In addition to the Multifix range, Ilford ,which has plot print media specifically suited to lamination, and American Digikote based films, will all be available from Paclam in New Zealand.
Director Derek Wright says the company and some of its customers have been testing selective media for the past four years to ensure that what they sell will stand up well to both thermal and the more expensive cold laminating, before making the decision to distribute it.
“We now firmly recommend all the media we sell to our clients and are so confident in it that we are prepared to offer a guarantee because we know that what we sell will serve the end purpose well,” he says.
The company is offering a range of rapid dry papers from the USA which can be thermally laminated with non-specialist thermal films at a fraction of the cost of five years ago.
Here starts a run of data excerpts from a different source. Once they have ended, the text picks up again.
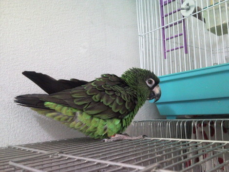 我が家のズアカハネナガインコさんです。男の子です。今からセキセイのケージにいたずらをしに行きま〜す。餌箱ひっくり返すくらいならいいけど、ケージ壊さないでね…(^_^;)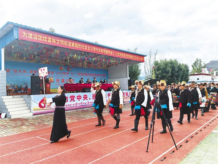 圖為“迎大慶、頌黨恩、共奮進”暨第四屆農(nóng)牧民運動會開幕式。通訊員 普布次仁 記者 丹增平措 攝
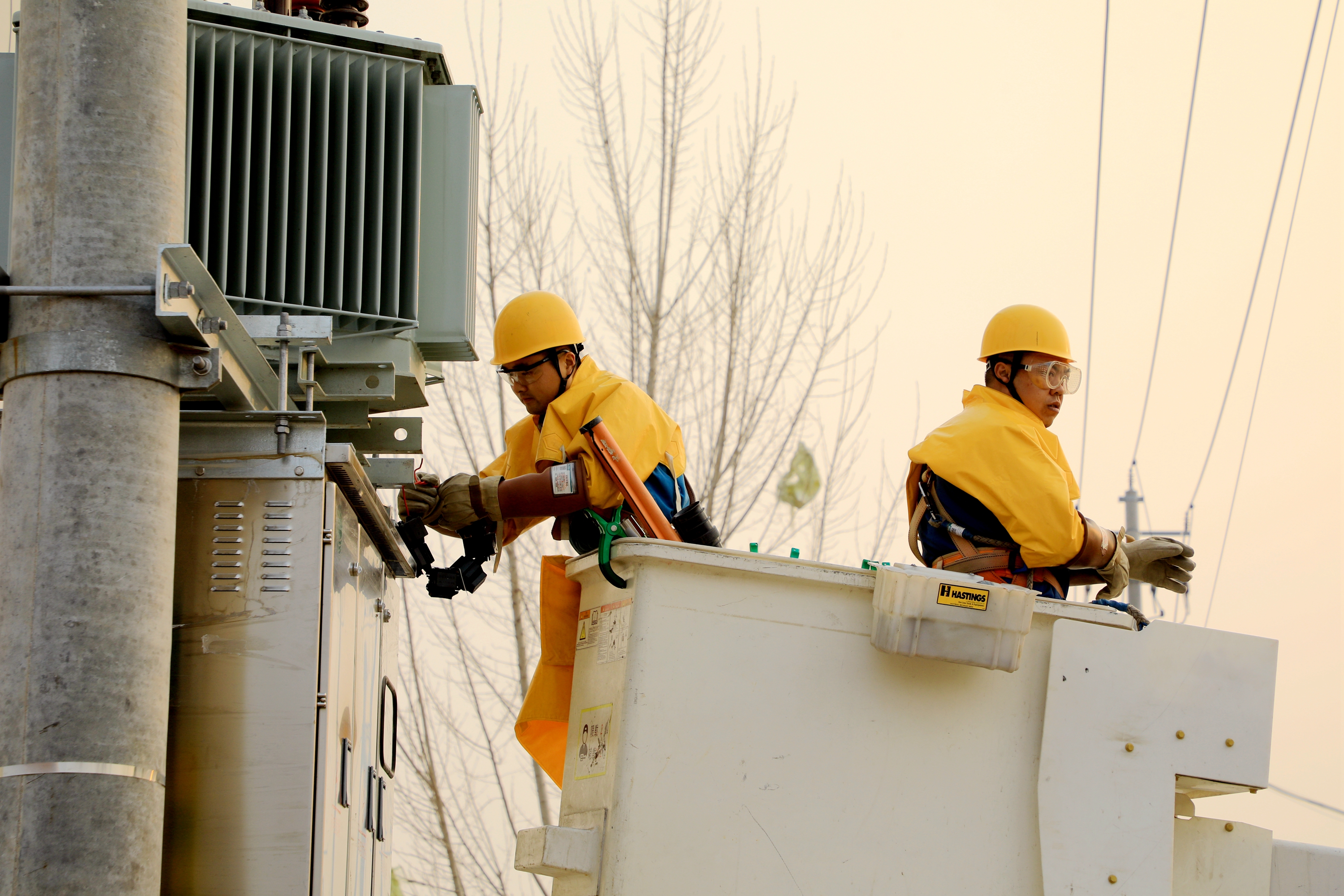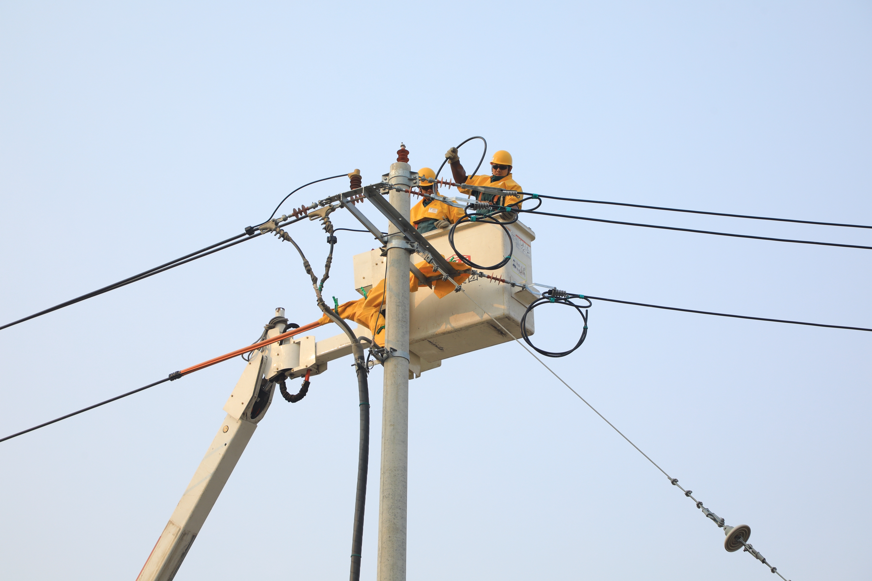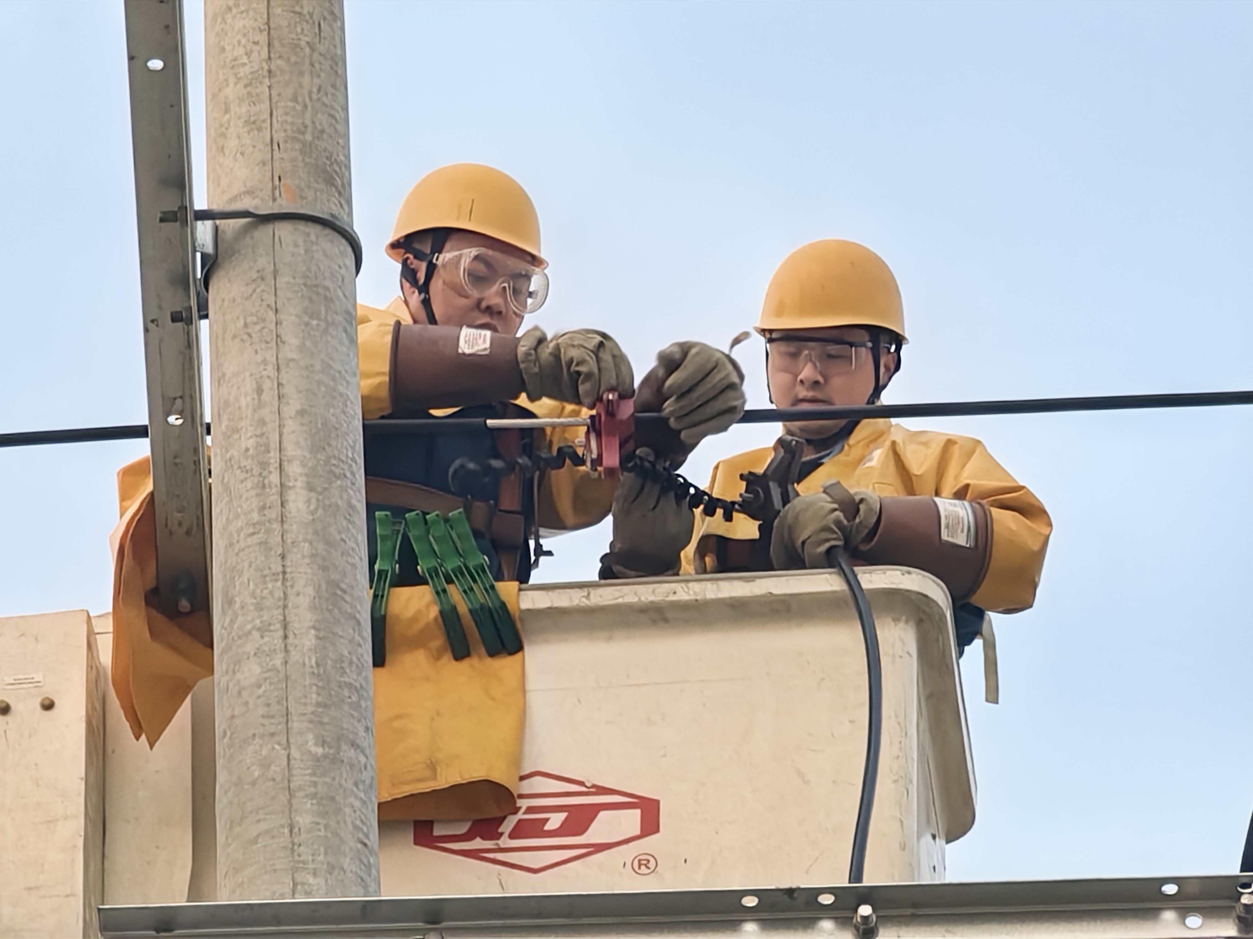 为确保新装变压器按时投运且不影响其他客户正常用电,梁山公司采取带电作业方式进行接火送电。当天14时许,带电作业人员到达工作现场,在工作负责人的监护下,两名全副武装的作业人员登上绝缘斗车升空作业,严格执行标准化作业流程,验电、绝缘遮蔽、剥切导线、搭接引线……每一个环节都严谨细致。经过近3个小时的连续奋战,作业人员相继完成10千伏馆里北Ⅰ线114号杆、马营Ⅱ线19号杆、马营线中稀天马分支46号杆三处作业点的新装变压器引线搭接,满足小微企业生产用电需求。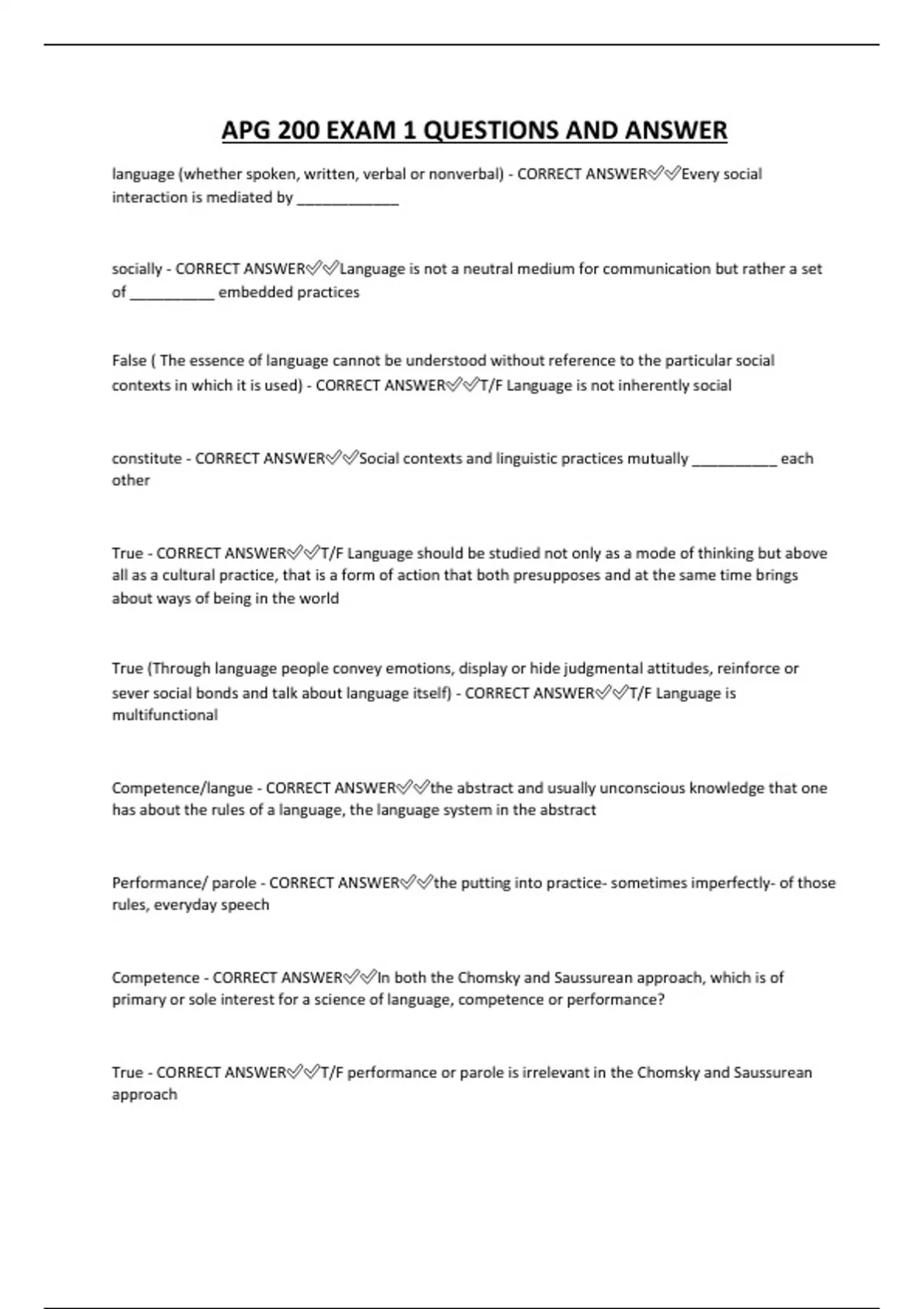 True - CORRECT ANSWER✅✅T/F performance or parole is irrelevant in the Chomsky and Saussurean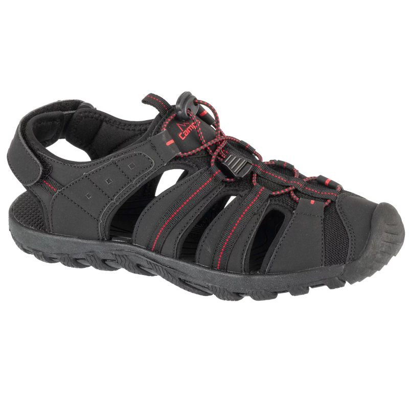 Vlastnosti: Pánské sandály Campus Ideální pro pěší turistiku Silnější podrážka se vzorkem se osvědčí za všech podmínek Nastavitelná šířka Tvarovaná podrážka Univerzální barevné provedení Dominantní materiál syntetika Barva: černá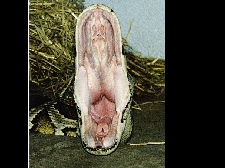 • 37. Snakes have elastic ligaments in their jaws and can swallow prey much larger than its head. • The glottis is a respiratory opening for breathing while it is swallowing its prey.
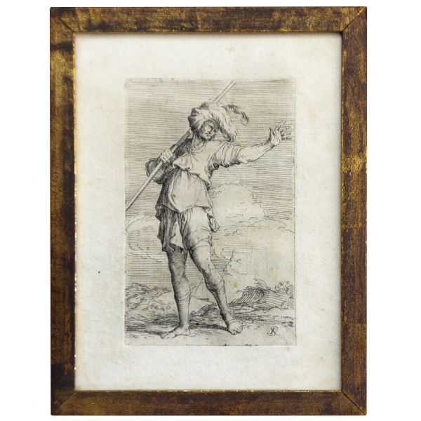 • SALVADOR ROSA - Século XVII - Soldado de Estilo Comum - Gravura em metal. Ass. com as iniciais, cie. 20 x 15 cm (MI). 23 x 18 cm (ME).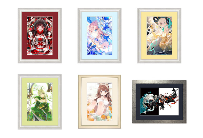高品位美術印刷技術「キャラファイン印刷」で出力された作品を額装し、額のデザイン、マットの色選定からこだわって作られたプレミアムなアート製品を販売します。各イラストレーターの直筆サイン入りの証明書が付属します。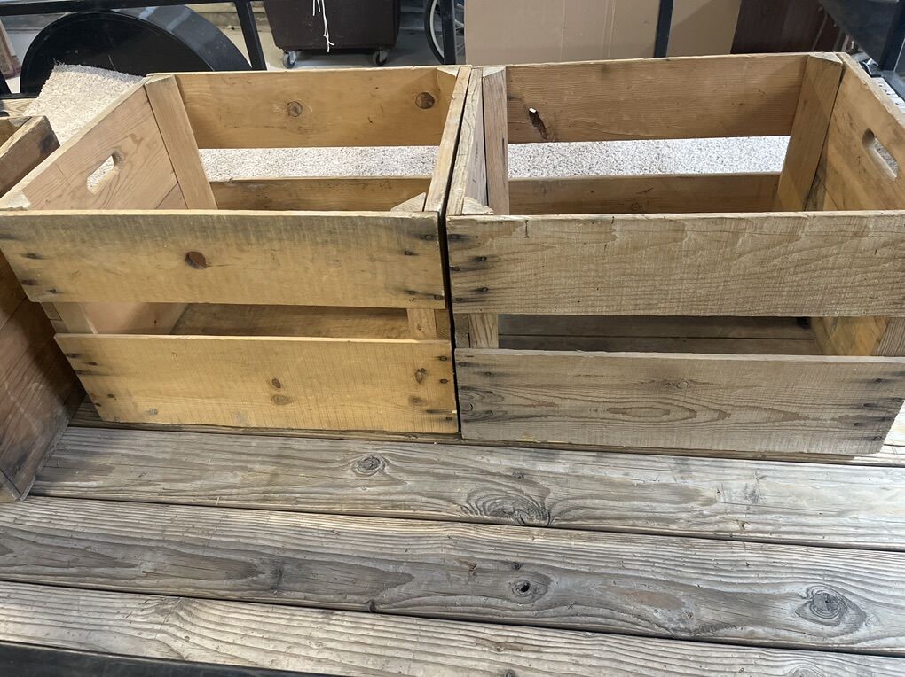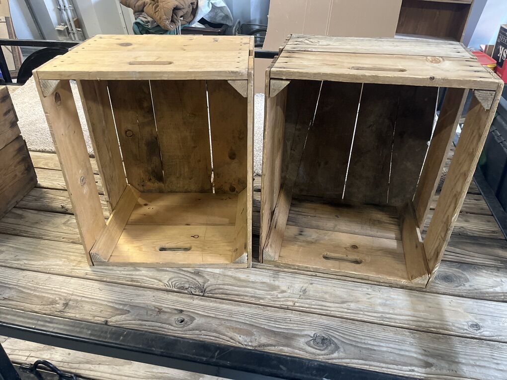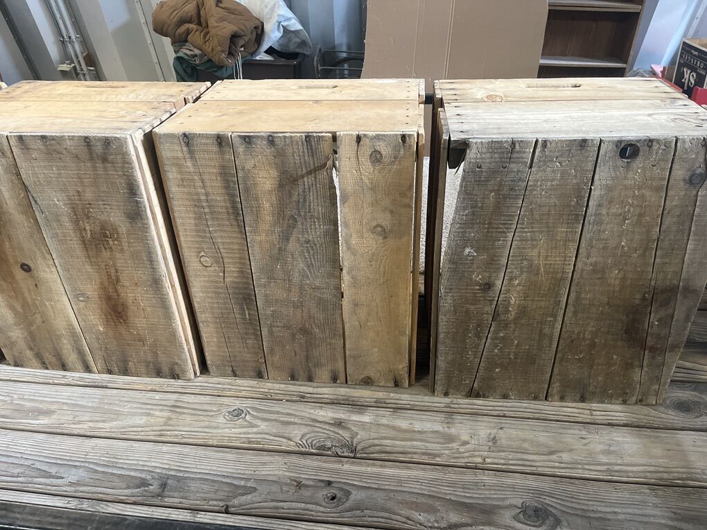 Have four wood crates with handles 23 “ x 18 “ 15”tall good condition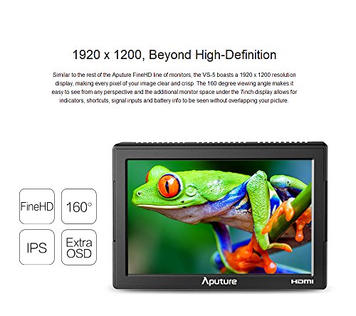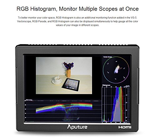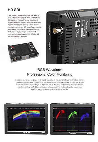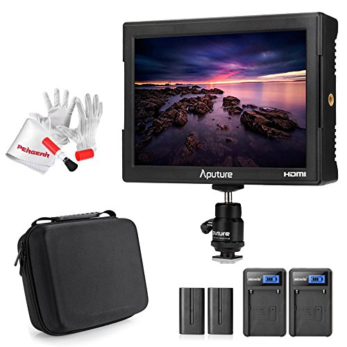 Aputure VS-5 7 Inch SDI HDMI Camera Field Monitor Features RGB Waveform/Vectorscope/Histogram/Zebra/False Color - With Fully-Enclosed 10" Sun Hood, 6600mAh Battery Kit and PERGEAR Carrying Case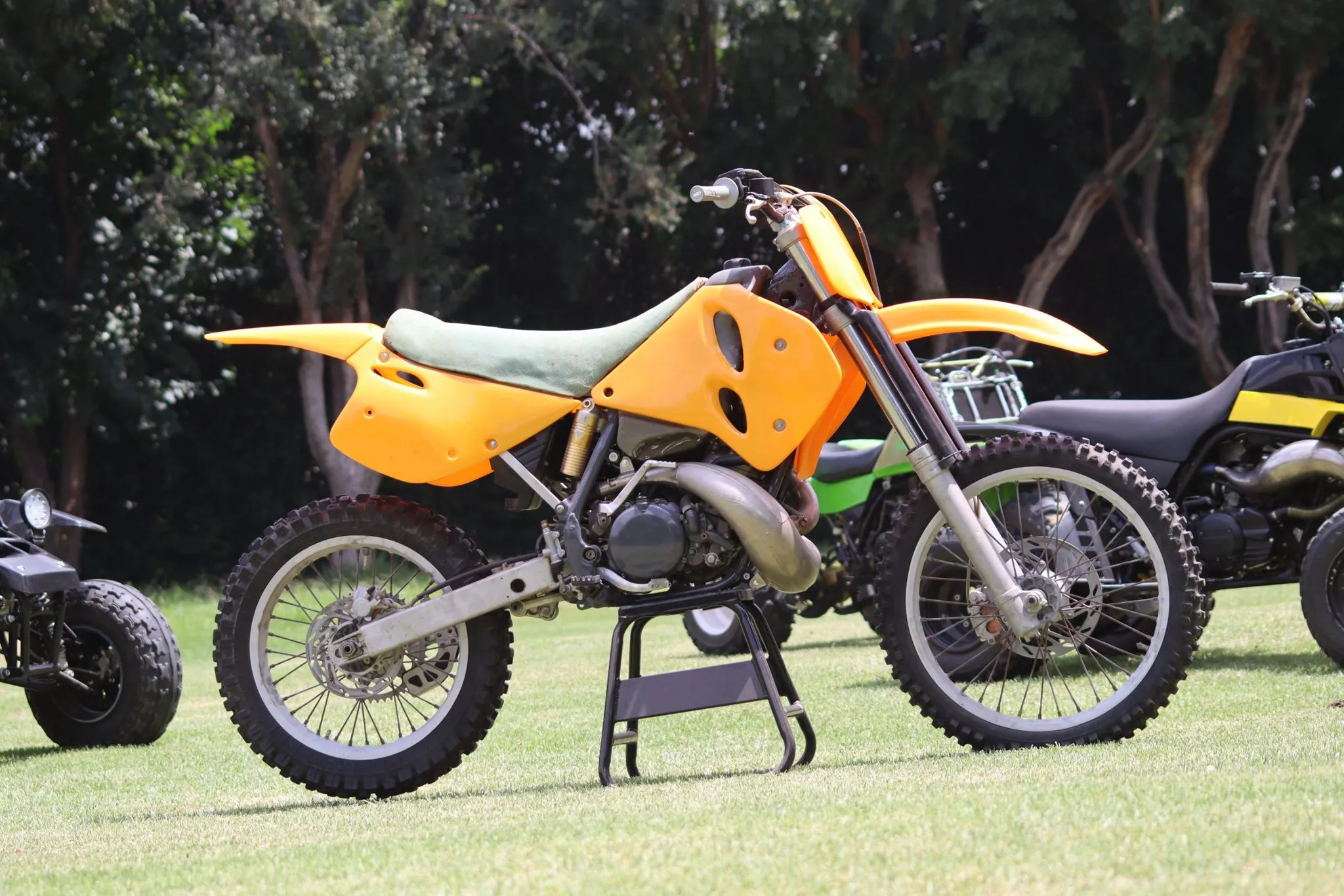 Now, for what we think is the star of the show, the 2000 Kawasaki KX500. Another bike Ty started in lockdown and with some help from a friend of his, rebuilt the KIPS (Kawasaki Integrated Powervalve System) engine, which was also completed before the end of lock down. The Kawasaki KX500 engine was such a great bit of engineering that it was unchanged for 10 years. This beauty now just stands there in Ty’s house, haunting Ty…. until an idea started forming into a plan. This very bike was the main reason Ty and a few co-conspirators got together and started planning the rebirth of vintage dirt bike racing in S.A called the VMX Series. The KX500 was also the bike to win the title in the last ever 500cc Aussie MX by Peter “Reggie” Melton.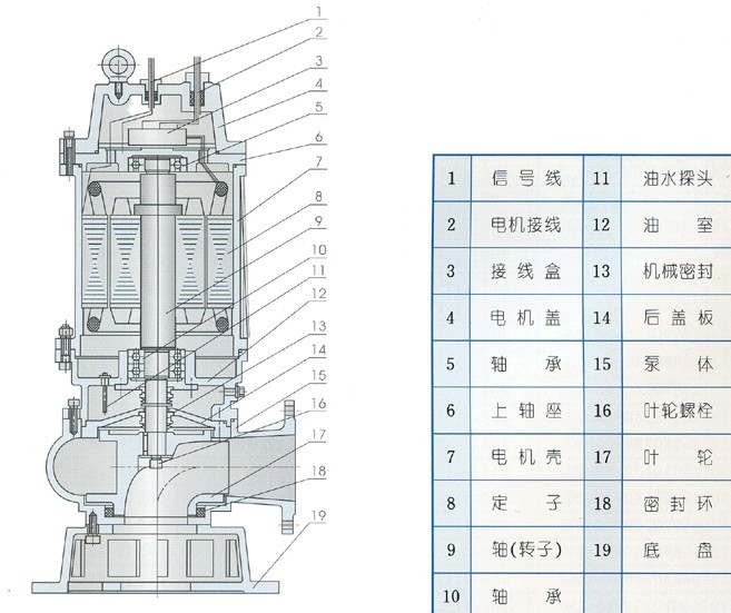 4、轴瓦或轴套磨损后,轴承间隙不超过0.45至0.7毫米时,经维护切割式潜污泵可照常使用。间隙超过了上面的范围,必须更换新轴瓦或配用轴套。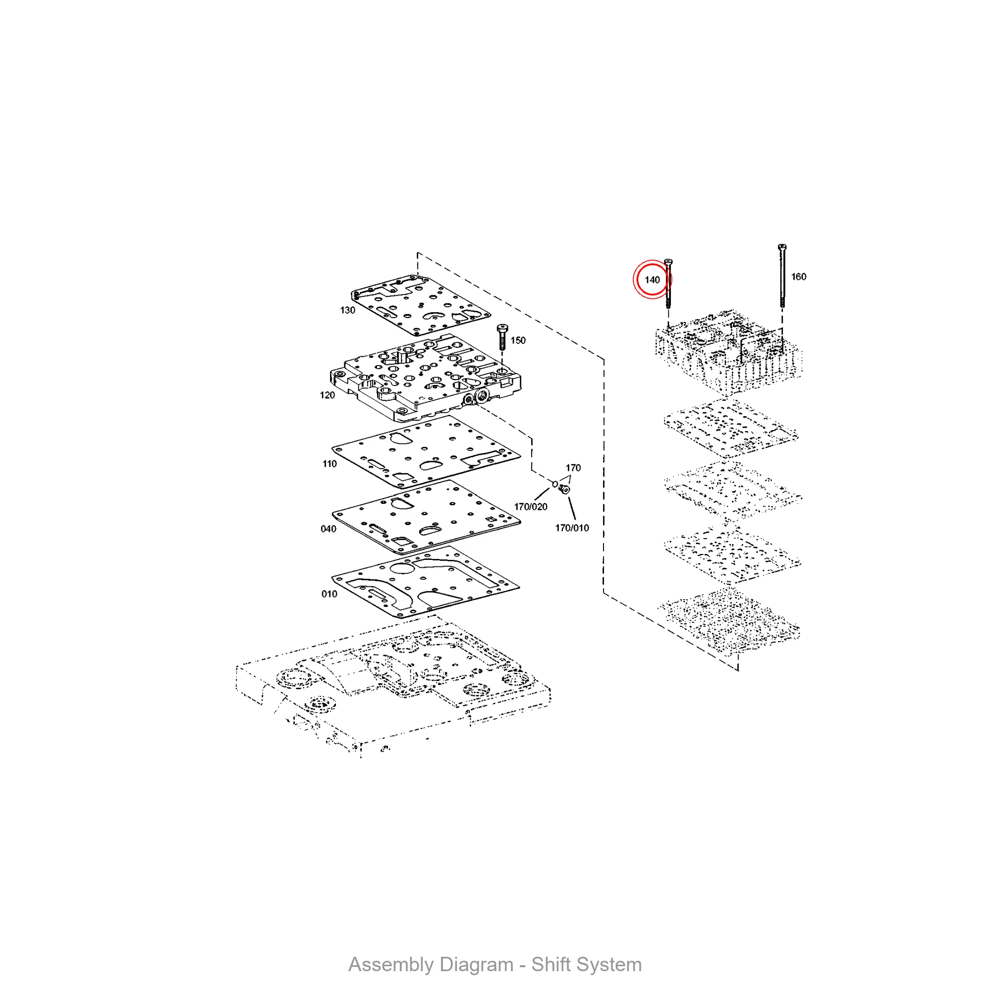 This torx screw is located in the shift system area of the transmission. It appears in 26 different assembly configurations. In the service manual, look for position number 140 in the Shift System section.

Paclam is now the exclusive supplier of the American Digikote based films, developed in the 90s with the ability to coat at low temperatures. This film has established a proven UV stability over a 12-year period.
It is also selling Ilford’s range of imaging system media and films from nanoporous ‘instant dry’ papers for thermal and piezo output through to extreme media which are built for speed with no trade-offs.
Paclam’s newest media range that it has introduced to New Zealand is from Belgium-based Multifix, a European market leader in this field.
The range includes the Polymeric vinyls up to two metres wide which are soft and highly conformable to irregular surfaces. These have proven to be a great success when printed with eco-solvent machines such as the Roland Soljet 11 for vehicle graphics or application to pre-made PVC banner cloth. Top grades have a seven-year outdoor durability, while mid range performance of two to three year vinyls compete directly in price with non-proven brands from the USA and Asia, Wright says.
In addition to the media available under the Paclam brand, the company is also introducing new finishing solutions which have been developed over the past 25 years on trialing and production at the company’s Penrose-based facility.
The first hardware product on offer is a bulk ink system for HP printers. The HP 5000/5500 bulk dye or pigment device has been trialed in Australia for the past 12 months, and in New Zealand for five months and Wright says it has come through fault free.
“This device literally halves the cost of ink consumption with no adverse effects on the base machine components. We’re offering a simple 30-minute installation absolutely free of charge in the Auckland area or a do-it-yourself pictorial manual that is easy to follow,” he says.